§ About this exercise:
Output the records below verbatim, minus the pictures.

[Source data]
◆ ◆ ◆ ◆ ◆ ◆ ◆

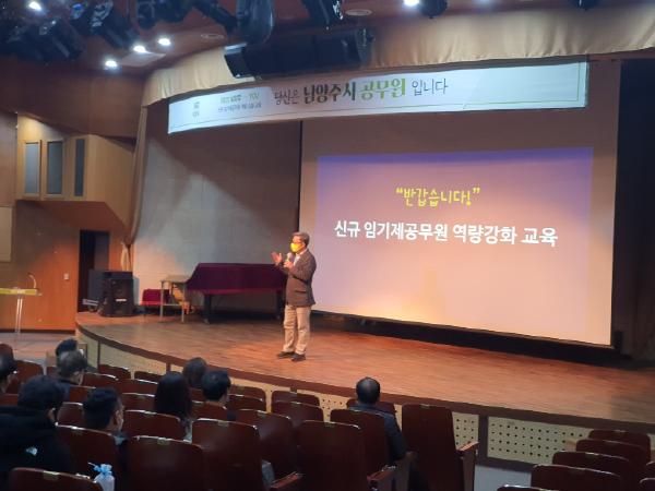 남양주시는 2일 다산홀에서 신규 임기제공무원 58명을 대상으로 방역수칙을 준수하며 대면 집합교육을 진행했다고 전했다.
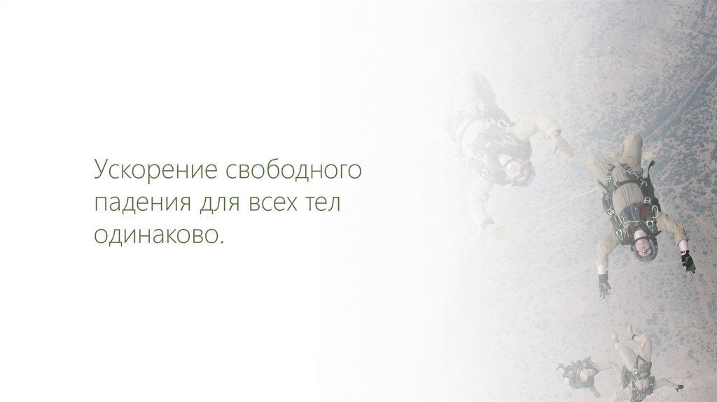 Ускорение свободного падения – этоускорение, которое приобретает тело во
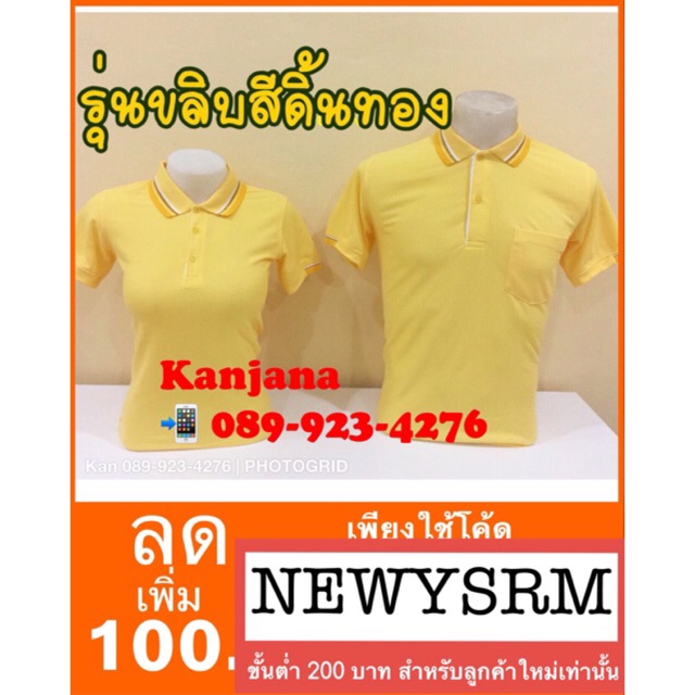 ✓ขายด่วนตอนนี้กำลังลดราคา เสื้อโปโลชาย สีเหลือง ขลิบดิ้นทอง เกรด A
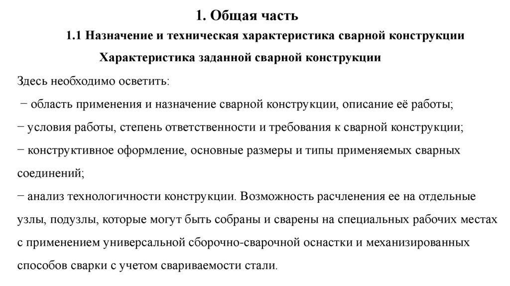 1. Общая часть1.1 Назначение и техническая характеристика сварной конструкции
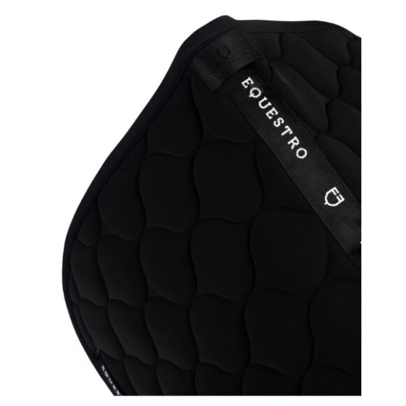 Elegant dressur underlag fra Equestro. Fremstillet i innovativt, teknisk materiale som er hurtigttørrende og åndbart. Underlaget har fremragende stødabsorbering og er anatomisk formet, som gør at underlaget ikke giver tryk eller friktion. Underlaget afsluttes med den flotte quiltning samt et broderet logo på siden.

◆ ◆ ◆ ◆ ◆ ◆ ◆

§ Solution to the exercise:
 남양주시는 2일 다산홀에서 신규 임기제공무원 58명을 대상으로 방역수칙을 준수하며 대면 집합교육을 진행했다고 전했다.
 Ускорение свободного падения – этоускорение, которое приобретает тело во
 ✓ขายด่วนตอนนี้กำลังลดราคา เสื้อโปโลชาย สีเหลือง ขลิบดิ้นทอง เกรด A
 1. Общая часть1.1 Назначение и техническая характеристика сварной конструкции
 Elegant dressur underlag fra Equestro. Fremstillet i innovativt, teknisk materiale som er hurtigttørrende og åndbart. Underlaget har fremragende stødabsorbering og er anatomisk formet, som gør at underlaget ikke giver tryk eller friktion. Underlaget afsluttes med den flotte quiltning samt et broderet logo på siden.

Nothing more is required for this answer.